**Provided records:**
======
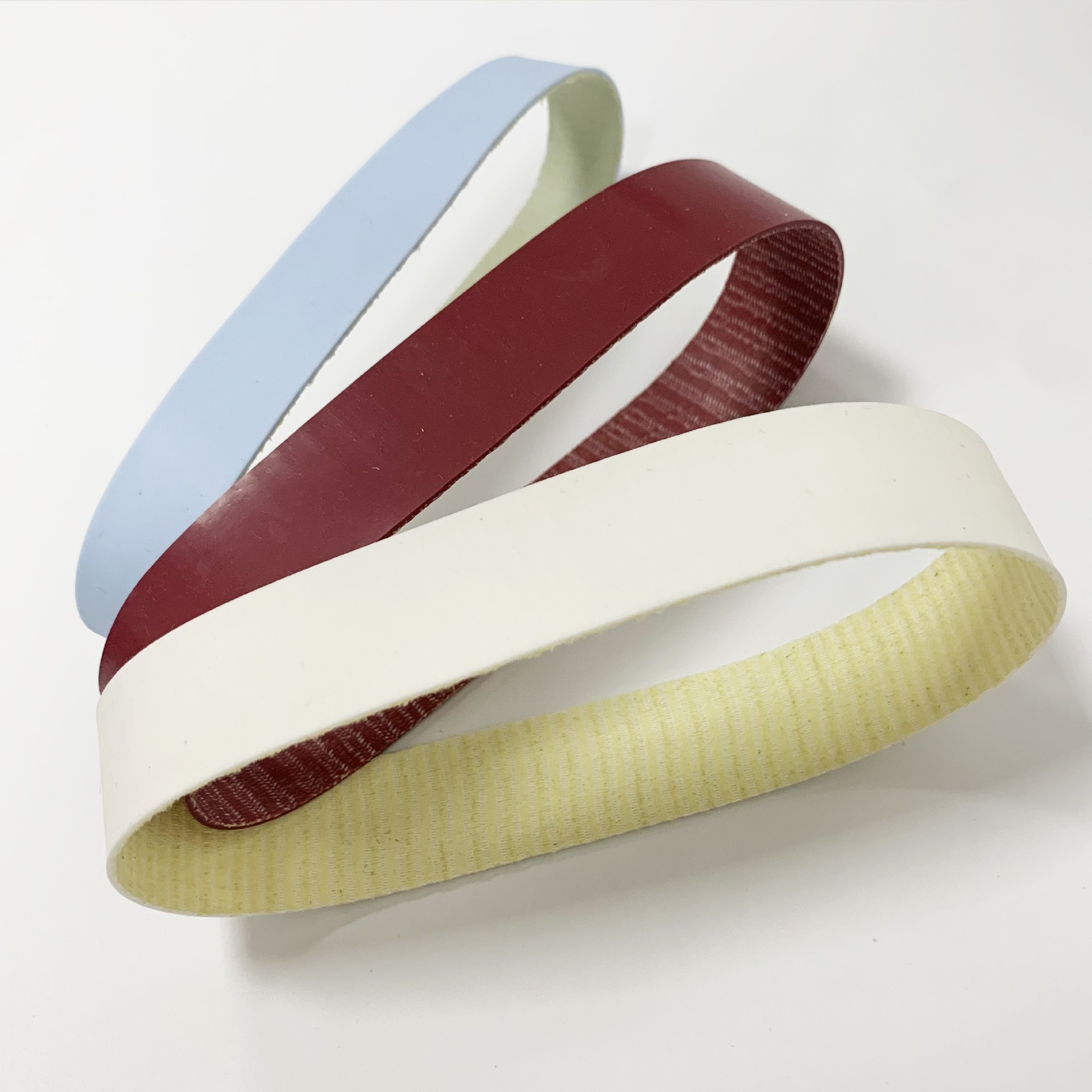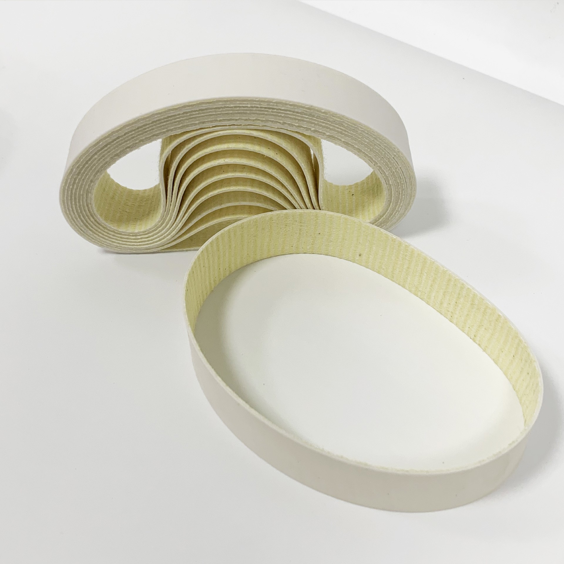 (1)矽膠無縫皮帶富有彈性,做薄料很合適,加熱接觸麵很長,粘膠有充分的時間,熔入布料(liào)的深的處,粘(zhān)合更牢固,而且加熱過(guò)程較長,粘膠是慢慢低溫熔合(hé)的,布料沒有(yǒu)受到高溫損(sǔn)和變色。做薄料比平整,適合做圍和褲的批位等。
======
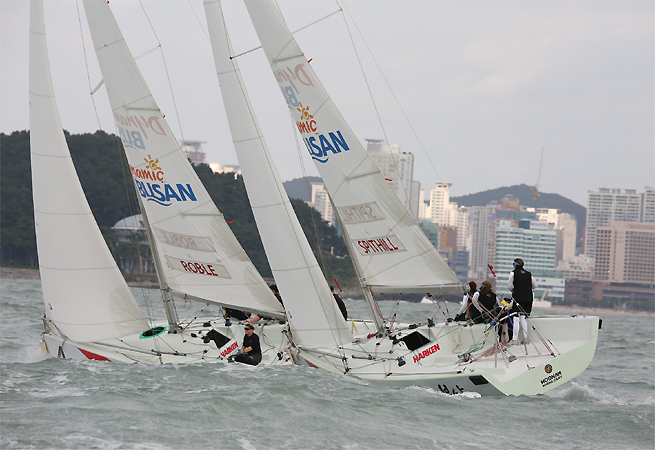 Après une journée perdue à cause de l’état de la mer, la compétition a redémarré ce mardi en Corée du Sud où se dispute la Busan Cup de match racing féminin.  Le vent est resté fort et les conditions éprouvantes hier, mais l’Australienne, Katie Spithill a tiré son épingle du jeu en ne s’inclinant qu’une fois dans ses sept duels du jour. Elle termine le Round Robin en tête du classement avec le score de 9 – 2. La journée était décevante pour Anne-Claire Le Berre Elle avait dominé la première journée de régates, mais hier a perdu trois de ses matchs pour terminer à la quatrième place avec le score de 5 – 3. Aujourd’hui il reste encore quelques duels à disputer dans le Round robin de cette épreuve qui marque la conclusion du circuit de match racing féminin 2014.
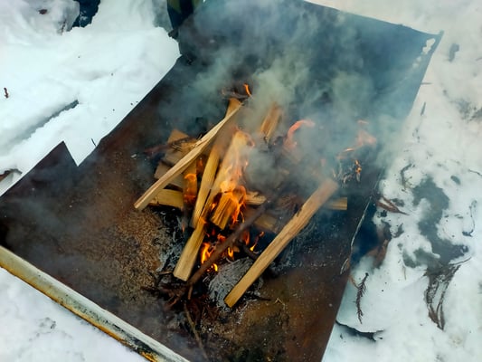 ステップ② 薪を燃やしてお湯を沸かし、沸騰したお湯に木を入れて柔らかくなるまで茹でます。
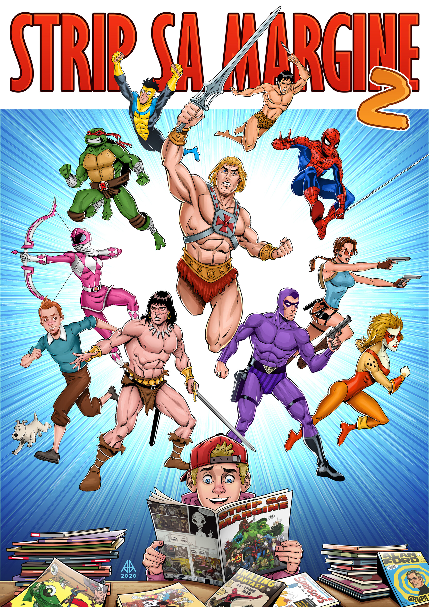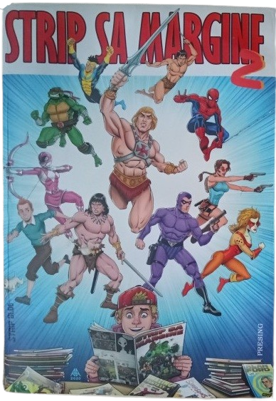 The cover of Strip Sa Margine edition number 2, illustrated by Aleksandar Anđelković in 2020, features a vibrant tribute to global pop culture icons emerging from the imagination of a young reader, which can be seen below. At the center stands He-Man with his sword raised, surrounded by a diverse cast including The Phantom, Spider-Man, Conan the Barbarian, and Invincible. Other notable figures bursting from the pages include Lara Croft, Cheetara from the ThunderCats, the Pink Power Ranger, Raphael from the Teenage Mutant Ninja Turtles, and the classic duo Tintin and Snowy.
======
Would you set down only the lines above from the line with "Après une journée" to the line with "ステップ② 薪を燃やしてお湯", both included, exactly as they stand and without the pictures?

 Après une journée perdue à cause de l’état de la mer, la compétition a redémarré ce mardi en Corée du Sud où se dispute la Busan Cup de match racing féminin.  Le vent est resté fort et les conditions éprouvantes hier, mais l’Australienne, Katie Spithill a tiré son épingle du jeu en ne s’inclinant qu’une fois dans ses sept duels du jour. Elle termine le Round Robin en tête du classement avec le score de 9 – 2. La journée était décevante pour Anne-Claire Le Berre Elle avait dominé la première journée de régates, mais hier a perdu trois de ses matchs pour terminer à la quatrième place avec le score de 5 – 3. Aujourd’hui il reste encore quelques duels à disputer dans le Round robin de cette épreuve qui marque la conclusion du circuit de match racing féminin 2014.
 ステップ② 薪を燃やしてお湯を沸かし、沸騰したお湯に木を入れて柔らかくなるまで茹でます。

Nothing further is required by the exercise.